This project is developing, incorporating, and assessing ethics modules on six topics designed for graduate courses in the environmental sciences: 1) responsible conduct of research; 2) data analysis; 3) sustainability; 4) cost/benefit analysis; 5) environmental risk-analysis; 6) decision-making under uncertainty. This fills a need for strengthened ethics education in the natural sciences. Ethics education in the natural and social sciences has been much less systematic than in medicine, business, and engineering. Further, ethics education in the natural sciences is often limited to instruction on the responsible conduct of research (RCR). This topic is typically handled in a single class meeting or an on-line training module, and is seldom accompanied by training in ethical sensitivity or ethical decision-making skills.

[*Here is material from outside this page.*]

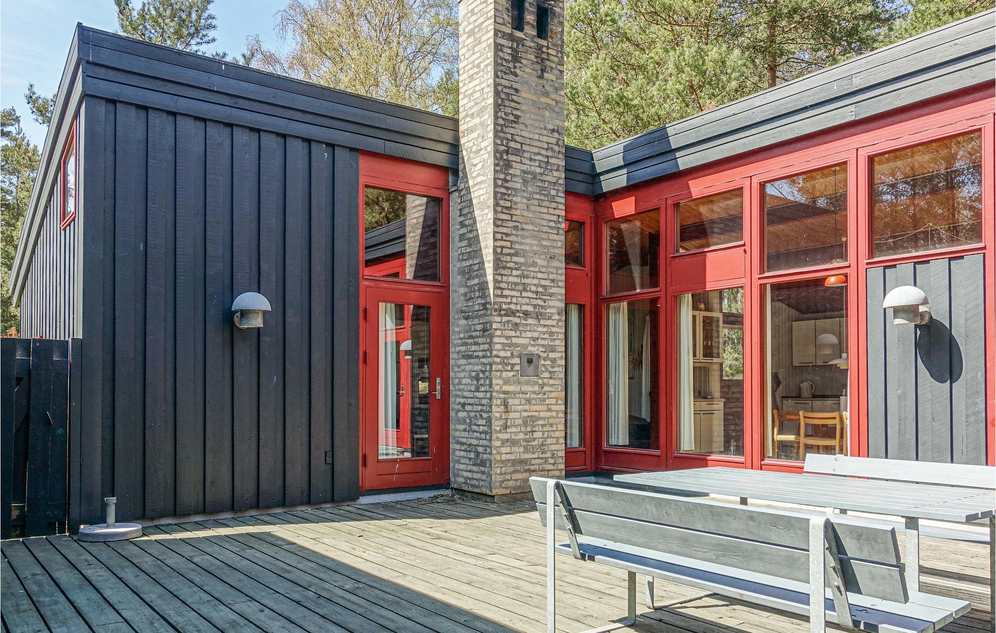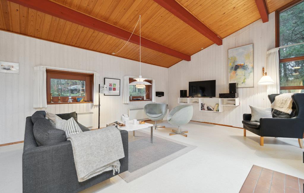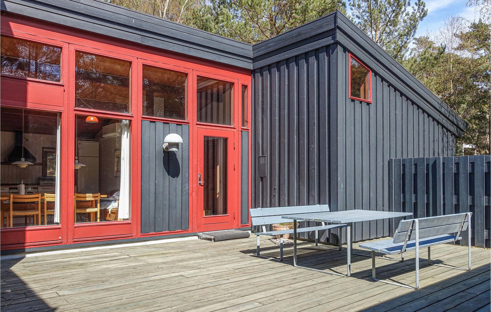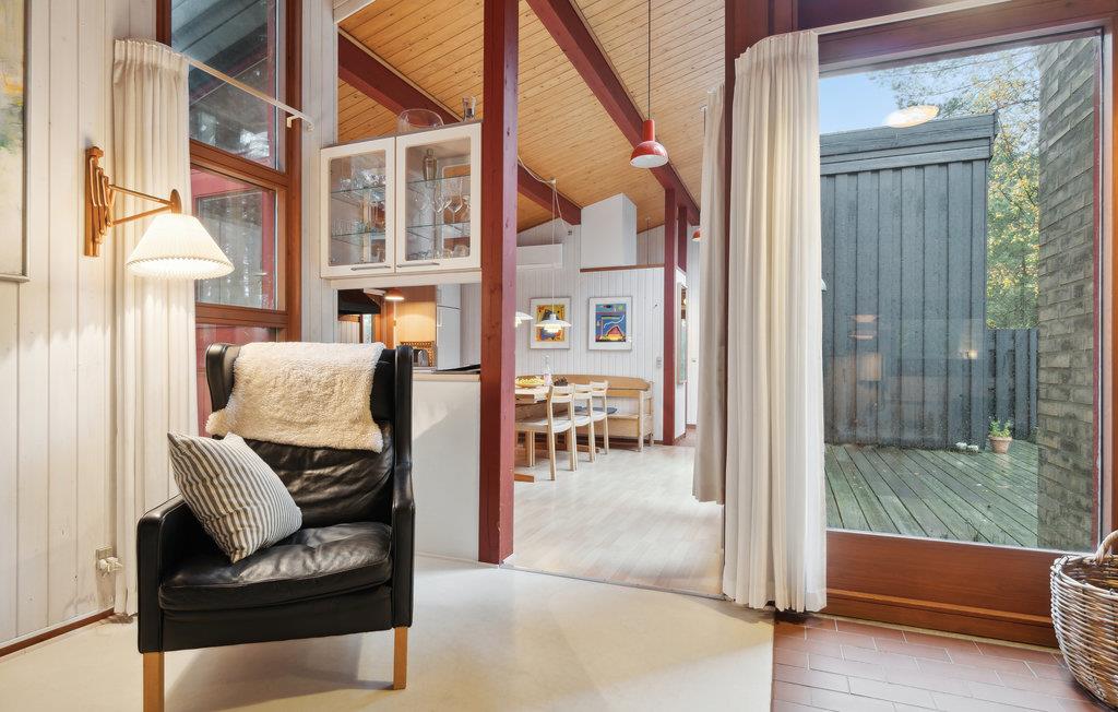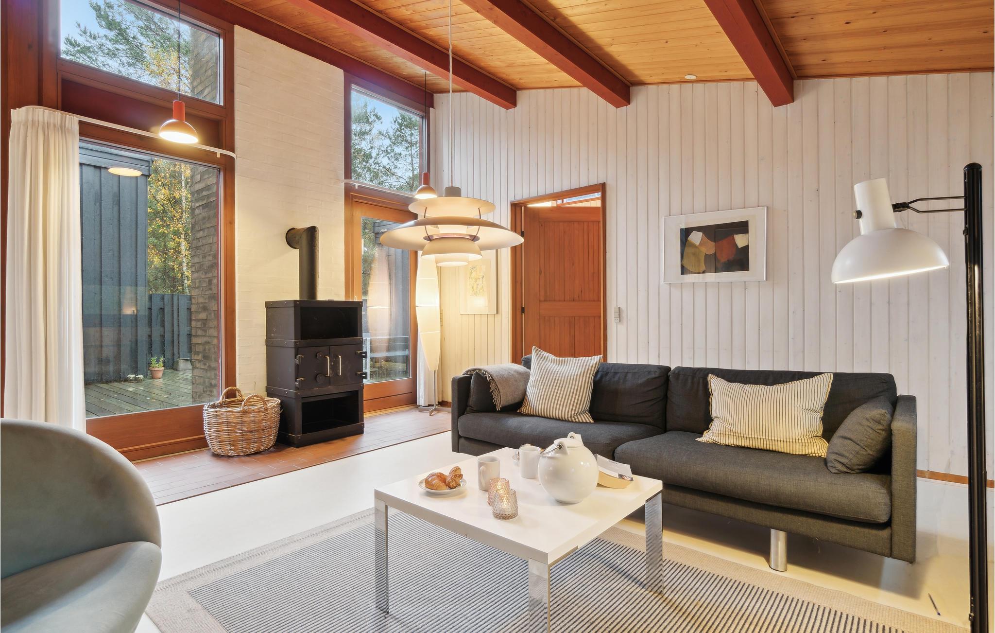 Arkitekttegnet sommerhus i træ nær Dueodde strand og golfbane med hyggelig brændeovn og solrig terrasse.

Graduate students are typically inculcated in research methods to view their research as objective and value-free. Research in the environmental sciences, however, often influences society and the environment in profound ways, and the conduct and interpretation of this research is rich in ethical assumptions and issues. Minimal training in the RCR is not adequate in educating graduate students about the full ethical dimensions of their research. We are investigating the hypothesis that expanded ethics education that encompasses ethical issues inherent in the content of scientific research as well as attention to the ethical conduct of scientific research will both improve students' appreciation of traditional RCR training and enrich students' understanding of the ethical context of their research in the environmental sciences.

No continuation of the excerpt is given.